The tax guide for small businesses in the UK

Tax for small businesses can appear to be a complicated process. You need to know what taxes apply to your small business, as well as their deadline

If you do not submit the correct tax return at the right time, your small business may receive a financial penalty from HM Revenue & Customs (HMRC) and ignorance is not an excuse.

The type of business you run, its performance, its size, the products or services you sell will all be determining factors in knowing what taxes apply to you.

Income Tax

Income tax is a tax that everyone has to pay on their income.

Income tax is calculated based on profits made during the year.

For employees, income tax is collected via Pay As You Earn (PAYE) and is paid directly to HMRC.

However, if you are self-employed, you must file your tax return before January 31 with HMRC, otherwise you will be exposed to a financial penalty.

As a business owner, you are responsible for withholding and paying the tax on wages paid by your business. If, however, you are an independent trader, you will only have to pay income tax on profits above the personal benefits tax threshold, which is currently £ 12,500.

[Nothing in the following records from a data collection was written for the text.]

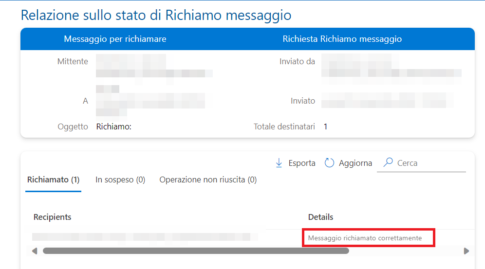 Poi decidi se desideri informare il destinatario del messaggio sull’esito del richiamo.
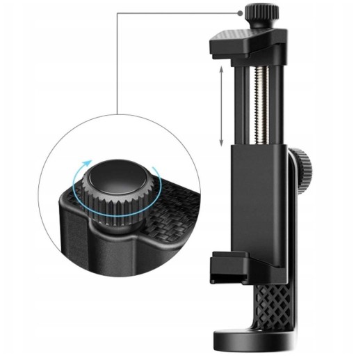 Uchwyt trzymający telefon rozszerza się za pomocą śruby z pokrętłem.
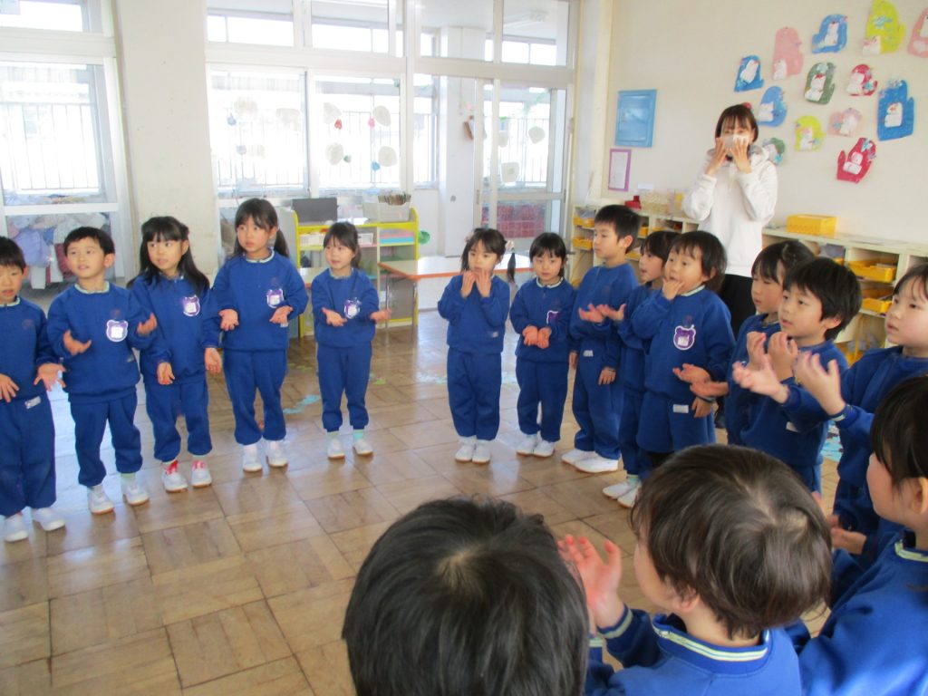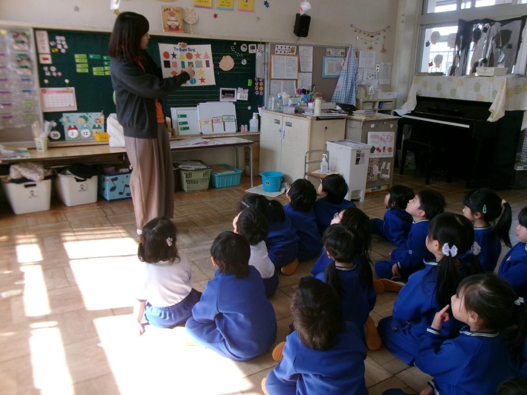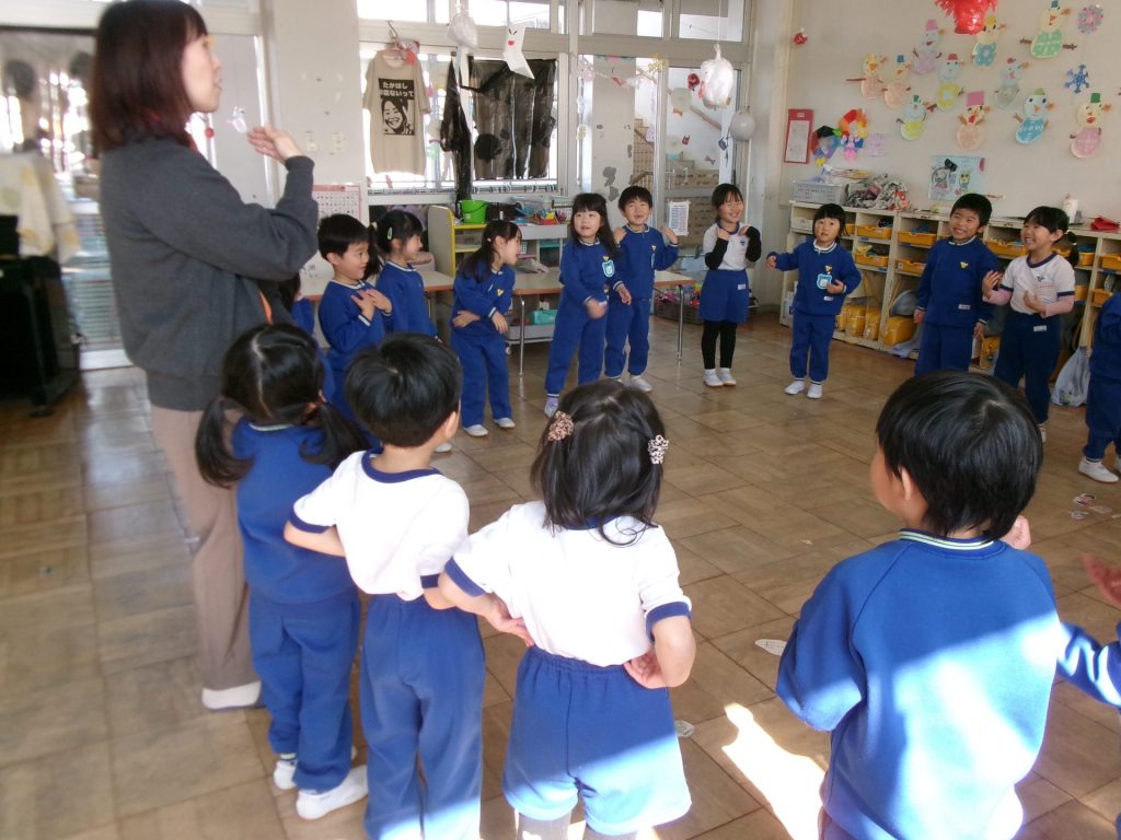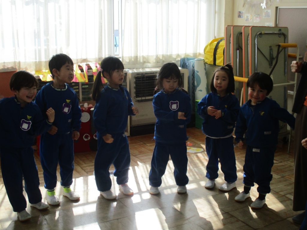 年中組最後の英語教室がありました。楽しい音楽に合わせてノリノリで歌いながら楽しく英語に触れました♪
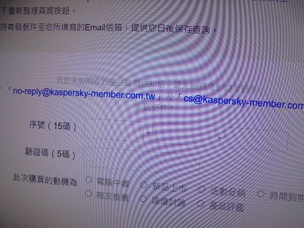 【即將到期】Kaspersky卡巴斯基antivirus software防毒軟體→二年前到府安裝於店裏最主要的工作電腦使用~近日彈出視窗通知即將到期→要繼續使用Kaspersky~轉進輸入視窗 序號(15碼)驗證碼(5碼)→臺北市環河南路-劉小姐【此次購買的動機為】
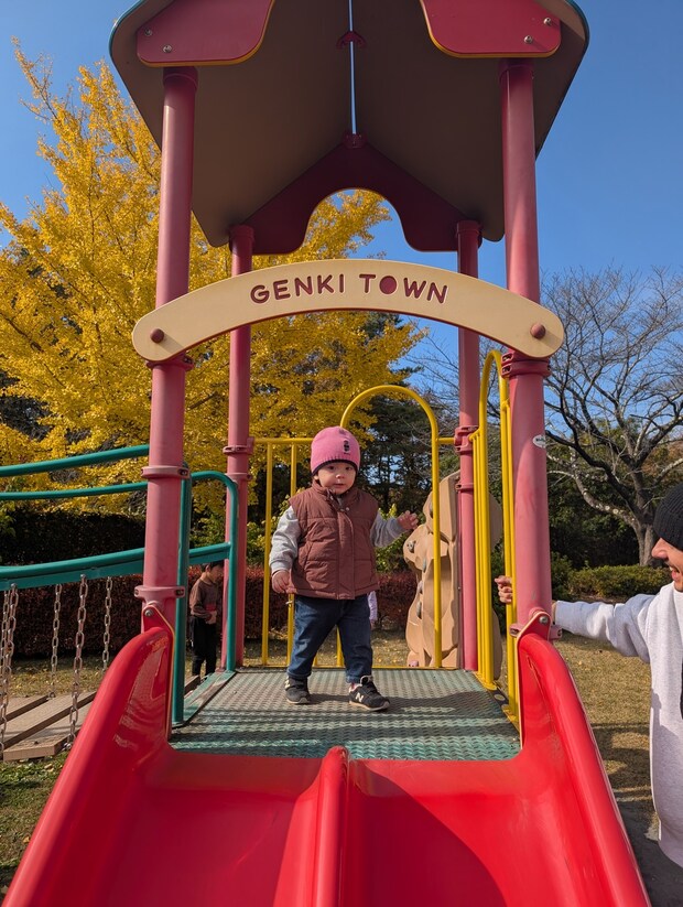 芝生広場の遊具よりも少し小さめですが、息子がまだ1歳なので、ちょうど良かったです◎
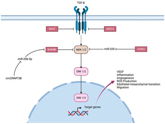 Lastly, studies showed that H19 overexpression prevented glucose-induced EndMT through TGF-β signaling via a blockade of the MAPK–ERK1/2 pathway; this action is independent of miR-200b, a miRNA previously shown to regulate diabetes-induced EndMT. TGF-β is known to be the major regulator of EndMT, and it induces its profibrotic properties by increasing fibroblast proliferation. It was also demonstrated that H19 regulated the production of phosphorylated ERK1/2 proteins, so H19 facilitates this regulation by suppressing TGF-β1 and its signaling pathways by repressing the MAPK–ERK1/2 signaling pathway [].
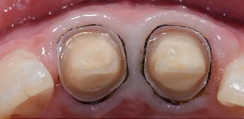 2、预备龈下刃状边缘,要求360°深度一致,牙龈未被伤及,无红肿糜烂的情况。
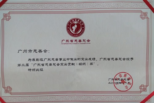 在2014年11月13日广东省慈善总会第三届会员代表大会上,广州市慈善会因在过去的五年,始终恪守“扶贫济困,见难相助”的办会宗旨,坚持依法创办、规范管理,不断创新方式、挖掘潜力,工作业绩突出,社会反响良好,对推动广东省慈善事业发展具有示范和推广价值,被大会授予“广东省慈善总会突出贡献(组织)奖”。
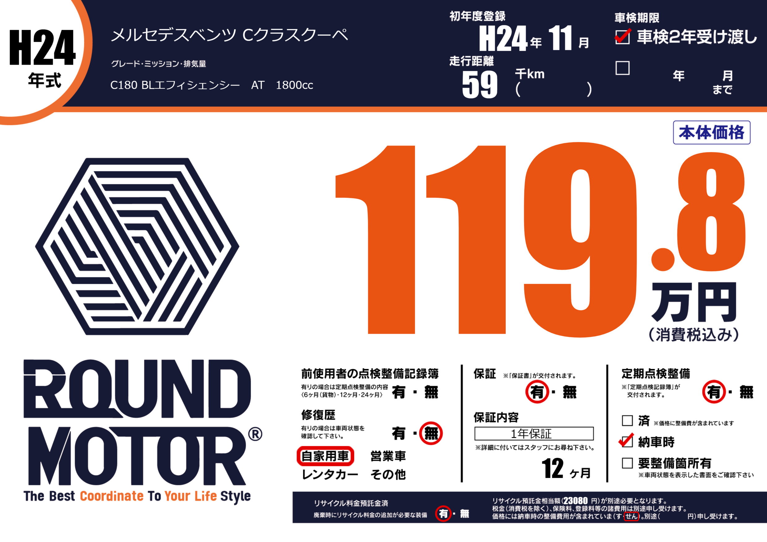 | 車名 | メルセデスベンツ Cクラスクーペ | グレード ミッション 排気量 |
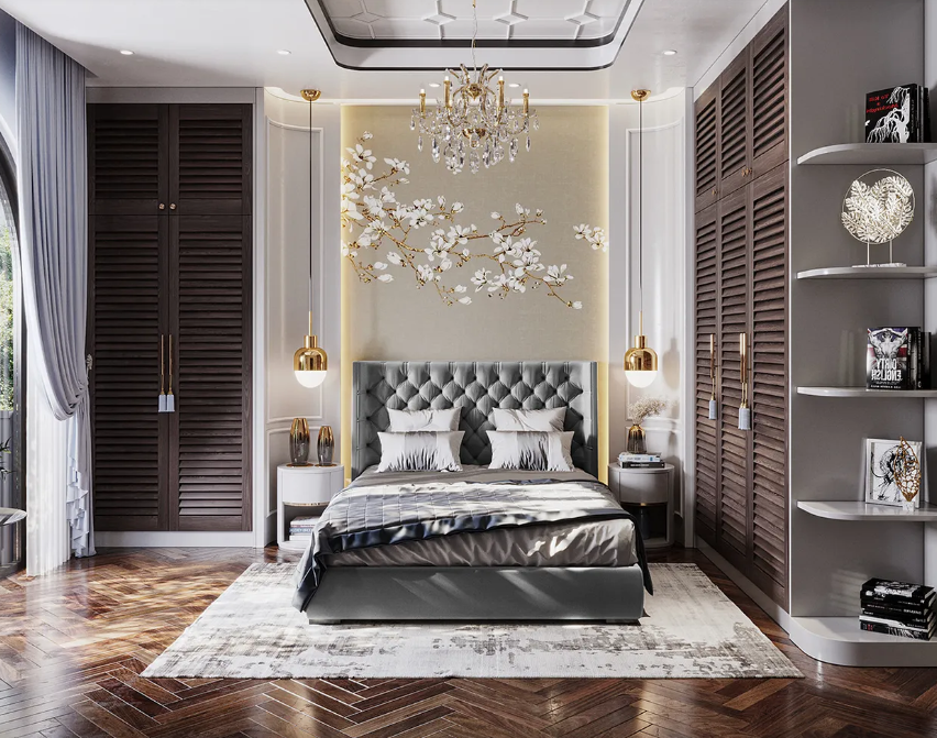 Thiết kế phòng ngủ với giường lớn, đầu giường chạm khắc tinh xảo và hệ thống đèn treo nghệ thuật.
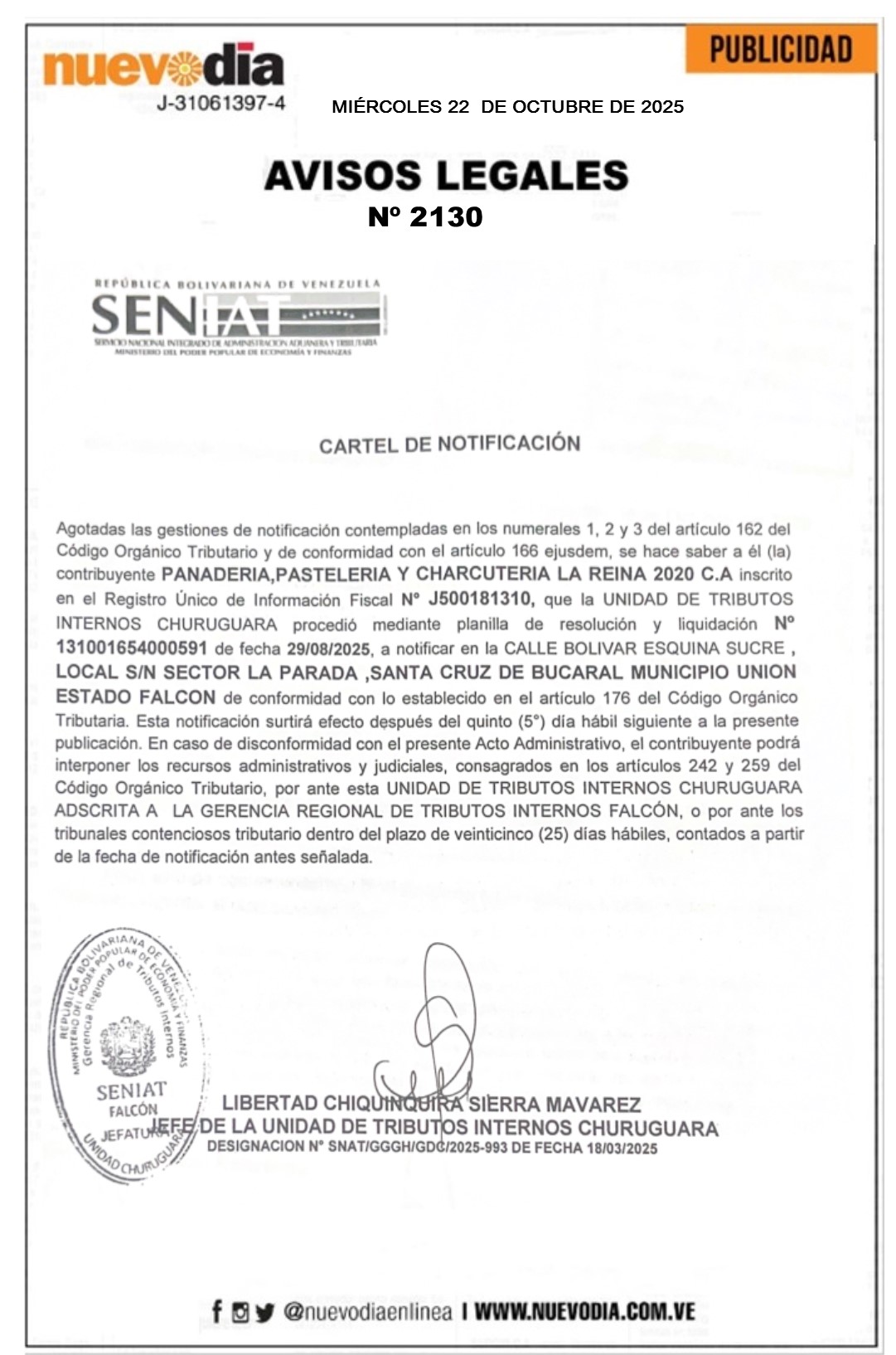 InicioPublicidadLegales PublicidadLegales Cartel de Notificación.Panadería, Pastelería y Charcutería La Reina 2020,C.A. 22/10/2025 FacebookTwitterPinterestWhatsApp 2130. 22-10-2025 Cuota FacebookTwitterPinterestWhatsApp Artículo anteriorCartel de Notificación.Repuestos, Autoperiquitos y Lubricantes Don Nicanor, C.A.Artículo siguienteCartel de Notificación.El Imperio de las Motos S.G, C.A. Mercadeo NuevoDia Noticias Relacionadas Legales Cartel de Notificación.Automercado Virgen del Carmen, C.A. Legales Cartel de Notificación.Samor,C.A. Legales Cartel de Notificación.Agrototal 2019,C.A. Redes Sociales20,299FansMe gusta112,425SeguidoresSeguir4,600SuscriptoresSuscribirte Últimas noticias Destacadas PDVSA factura $ 11.700 millones en nueve meses por exportaciones petroleras Destacadas Trasladan fiesta de los santos a parroquias por gran cantidad de fieles (COMUNICADO) Cargar más
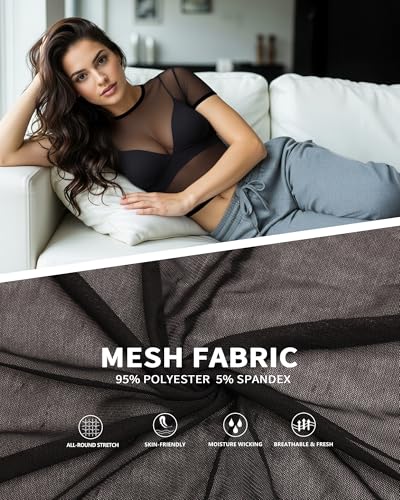 MANGOPOP Women's Short Sleeve Long Sleeve Sheer Mesh Crop Tops Tee Shirt Blouse 5

You pay no tax on your first 1,000 pounds of self-employed income because it is your "business allowance".

Your tax rate depends on your taxable income after accounting for all deductible expenses.

Corporation Tax

Corporate tax is only paid by public limited companies. Therefore, if you are an independent merchant or a partnership, you are not affected by this tax.

Corporate tax equivalent to income tax but for your business. It is calculated as a percentage of your company's profits after taking into account elements such as allowances and tax relief to which you are entitled, such as travel expenses, salaries, office equipment, etc.

Corporate tax, like income tax, is done by self-assessment. You must determine the amount that your business owes to HMRC. You must then file your corporate income tax return with HMRC and send the payment. You have up to 12 months after the end of your exercise to do so. You have nine months and one day from the end of your accounting period to settle your corporate tax bill.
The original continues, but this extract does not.